_Problem requirements:_ Write out all of the records exactly once more and skip the images.

_Data items:_
******

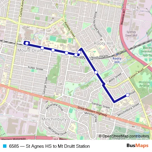 The first stop of the 6585 bus route is St Agnes Catholic High School, Evans Rd and the last stop is Mount Druitt Station, Stand C. 6585 (St Agnes HS to Mt Druitt Station) is operational during on weekdays.
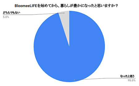 Crunch Styleがユーザーにこれまで花を買って飾る習慣があったかをたずねたところ、80%以上が「Bloomee LIFE」がきっかけになったと回答。さらに、95%以上のユーザーは、「Bloomee LIFE」を利用するようになってから生活が豊かになったと答えた。
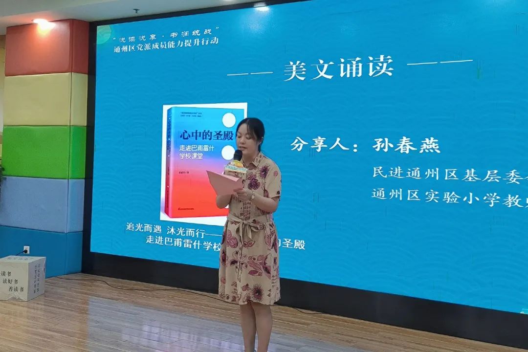 为庆祝中华人民共和国成立75周年,深入学习贯彻党的二十届三中全会精神,9月2日,通州区委统战部举行“悦读悦享·书润统战”党派成员能力提升行动第二场活动。区委常委、统战部部长、组织部部长施骁毅出席活动。
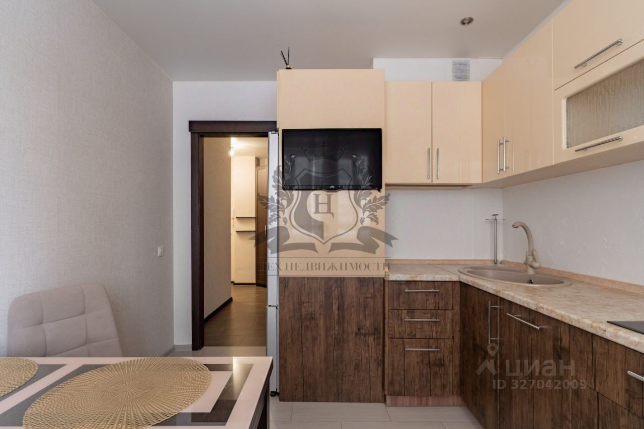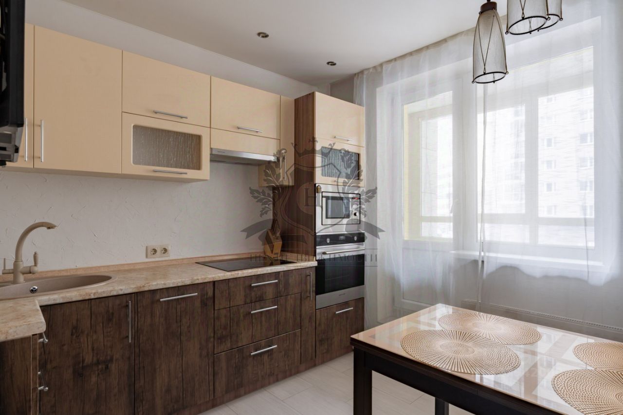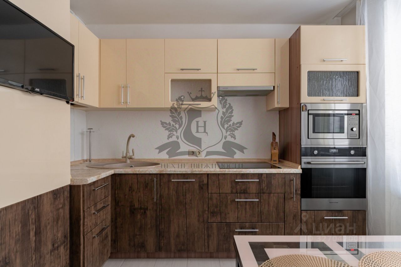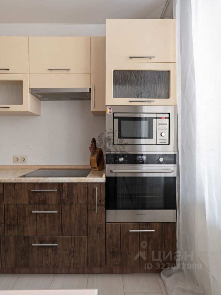 Просторная кухня оборудована всей необходимой мебелью и техникой: раковина из натурального камня, духовой шкаф, микроволновая печь, варочная панель, вместительный двухдверный холодильник, удобный раскладывающийся стол, телевизор. Вся мебель и техника (за исключением стульев) остается будущему владельцу. Из кухни выход на застекленный балкон. Комната большая, правильной формы. В комнате остается кровать и телевизор.
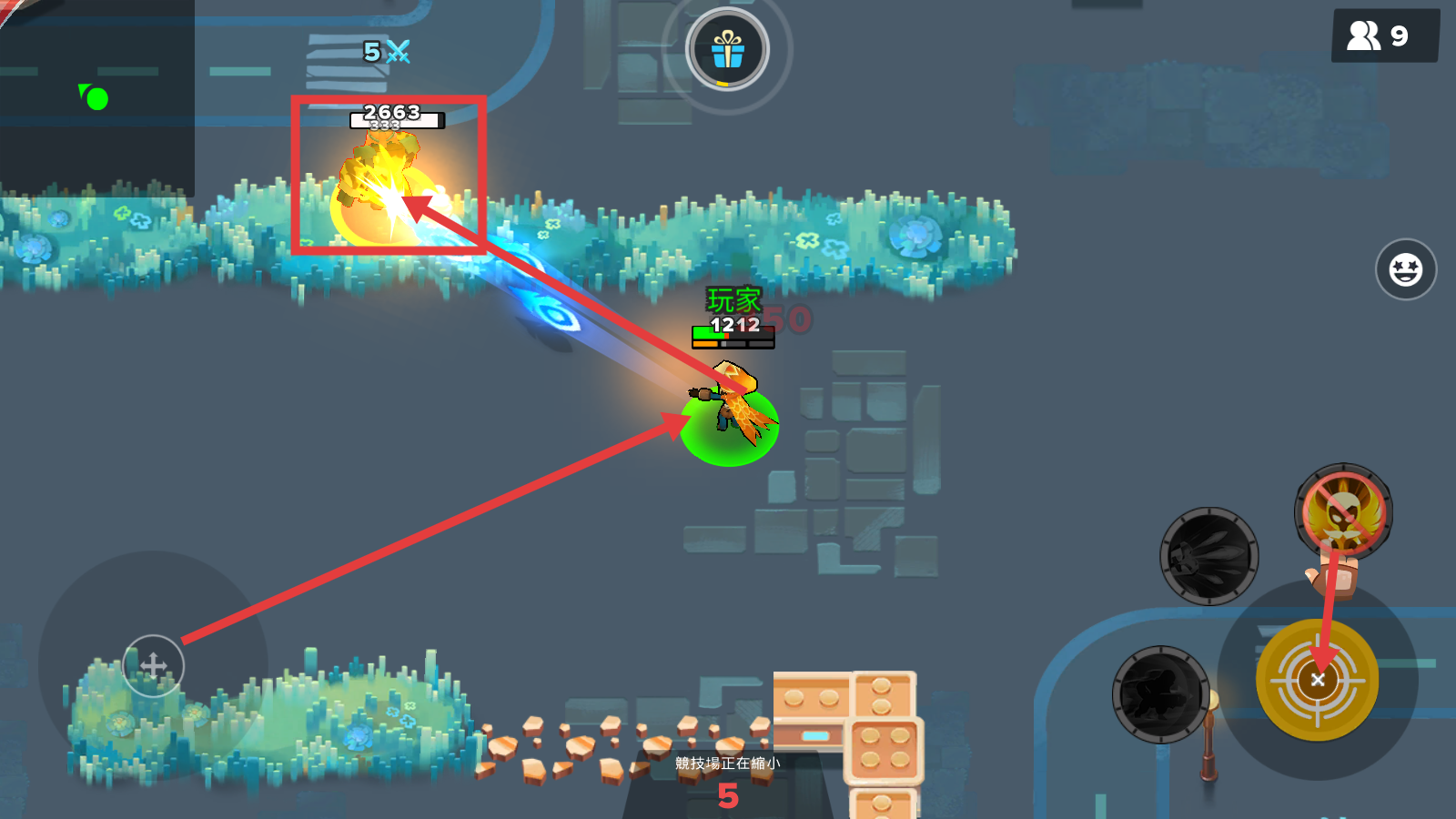 2、战斗中瞄准【2663】敌方单位,使用右侧攻击按钮发起进攻,积累战力提升战斗优势。
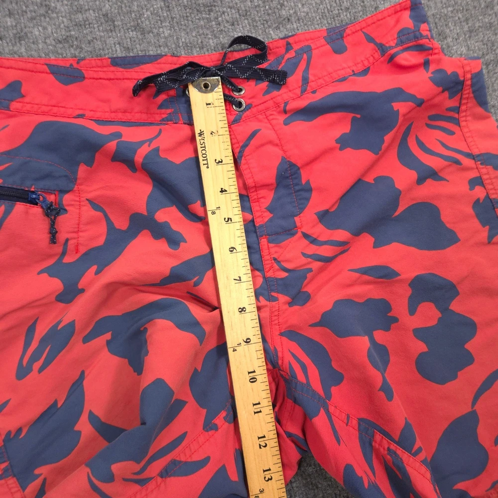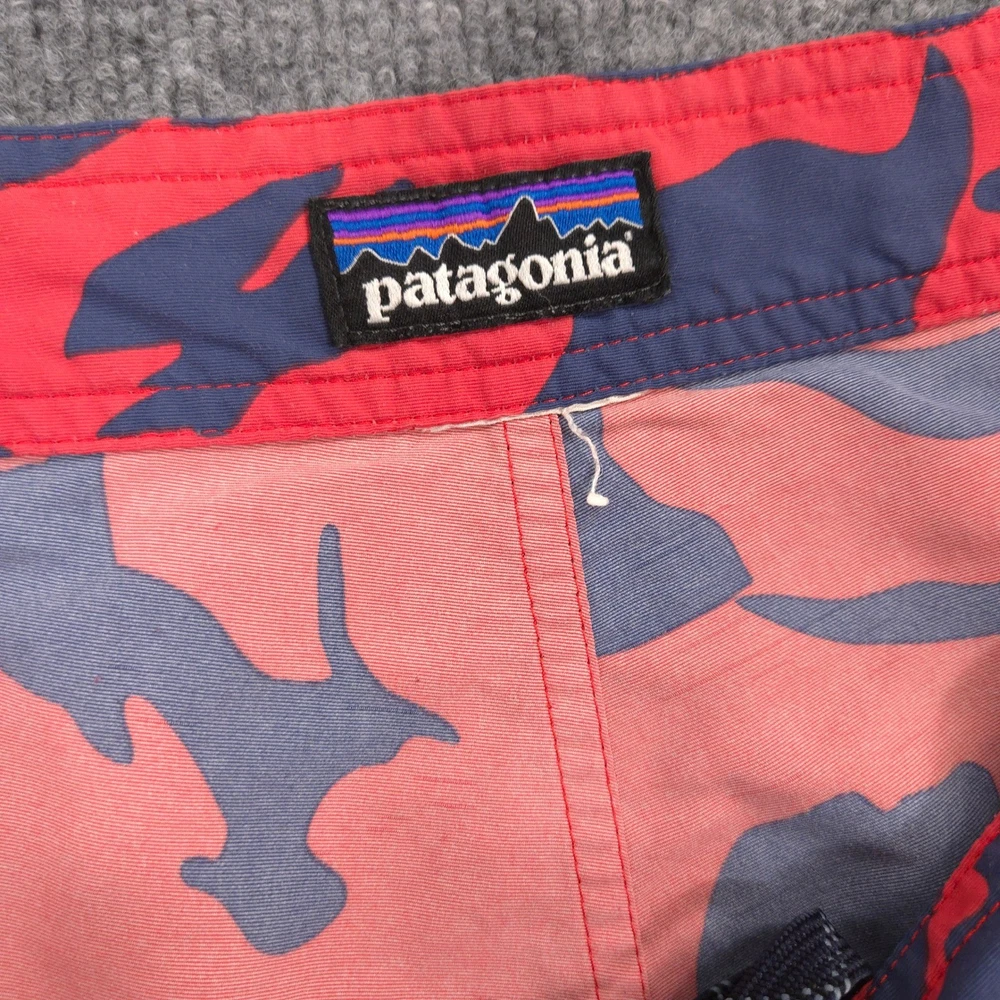 Patagonia Wavefarer Board Shorts Mens M Red Blue Geometric Abstract Unlined Swim Great Condition: A few small marks, some light wear on back, highlighted in last 3 photos. Shorts are missing inner label as pictured. Please see photos for measurements. Sold as pictured. Thanks for looking! -Measurements are approximate, please measure and check your favorite items at home to estimate fit -100% authenticity guaranteed -Items typically ship next business day
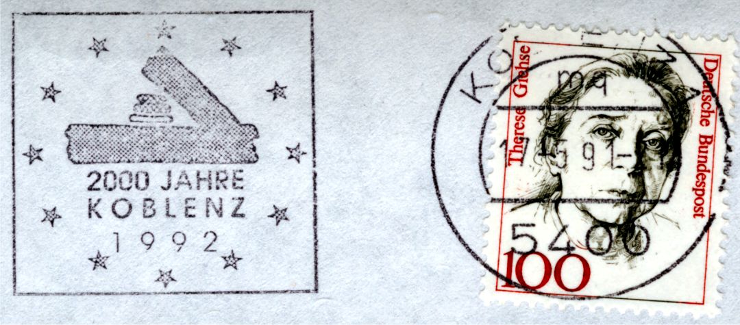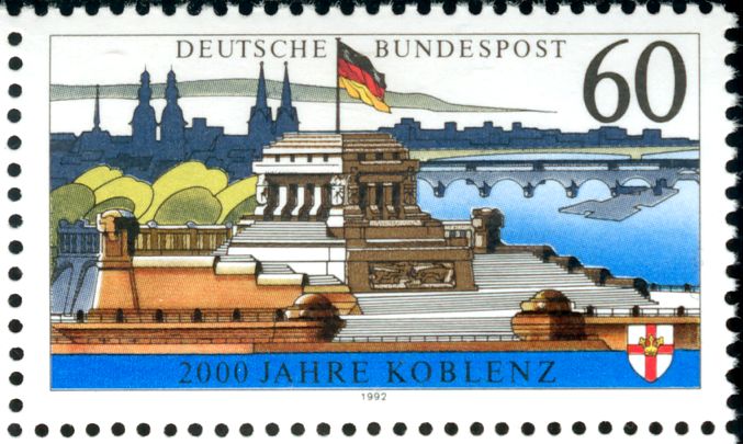 Katalogangabe (Michel): <Ausgabedatum> 9. Januar 1992; <Anlass> 2000 Jahre Koblenz; <Bildinformation> Sockel des Kaiser-Wilhelm-Denkmals, Stadtsilhouette mit Liebfrauen-und St.-Florinkirche, Balduinbrücke; Stadtwappen Auf seiner offiziellen Homepage informiert Koblenz folgendermaßen über seine Römerzeit (Anfang): Römische Zeit um 20 v. Chr. |

******

_Result of the task:_
 The first stop of the 6585 bus route is St Agnes Catholic High School, Evans Rd and the last stop is Mount Druitt Station, Stand C. 6585 (St Agnes HS to Mt Druitt Station) is operational during on weekdays.
 Crunch Styleがユーザーにこれまで花を買って飾る習慣があったかをたずねたところ、80%以上が「Bloomee LIFE」がきっかけになったと回答。さらに、95%以上のユーザーは、「Bloomee LIFE」を利用するようになってから生活が豊かになったと答えた。
 为庆祝中华人民共和国成立75周年,深入学习贯彻党的二十届三中全会精神,9月2日,通州区委统战部举行“悦读悦享·书润统战”党派成员能力提升行动第二场活动。区委常委、统战部部长、组织部部长施骁毅出席活动。
 Просторная кухня оборудована всей необходимой мебелью и техникой: раковина из натурального камня, духовой шкаф, микроволновая печь, варочная панель, вместительный двухдверный холодильник, удобный раскладывающийся стол, телевизор. Вся мебель и техника (за исключением стульев) остается будущему владельцу. Из кухни выход на застекленный балкон. Комната большая, правильной формы. В комнате остается кровать и телевизор.
 2、战斗中瞄准【2663】敌方单位,使用右侧攻击按钮发起进攻,积累战力提升战斗优势。
 Patagonia Wavefarer Board Shorts Mens M Red Blue Geometric Abstract Unlined Swim Great Condition: A few small marks, some light wear on back, highlighted in last 3 photos. Shorts are missing inner label as pictured. Please see photos for measurements. Sold as pictured. Thanks for looking! -Measurements are approximate, please measure and check your favorite items at home to estimate fit -100% authenticity guaranteed -Items typically ship next business day
 Katalogangabe (Michel): <Ausgabedatum> 9. Januar 1992; <Anlass> 2000 Jahre Koblenz; <Bildinformation> Sockel des Kaiser-Wilhelm-Denkmals, Stadtsilhouette mit Liebfrauen-und St.-Florinkirche, Balduinbrücke; Stadtwappen Auf seiner offiziellen Homepage informiert Koblenz folgendermaßen über seine Römerzeit (Anfang): Römische Zeit um 20 v. Chr. |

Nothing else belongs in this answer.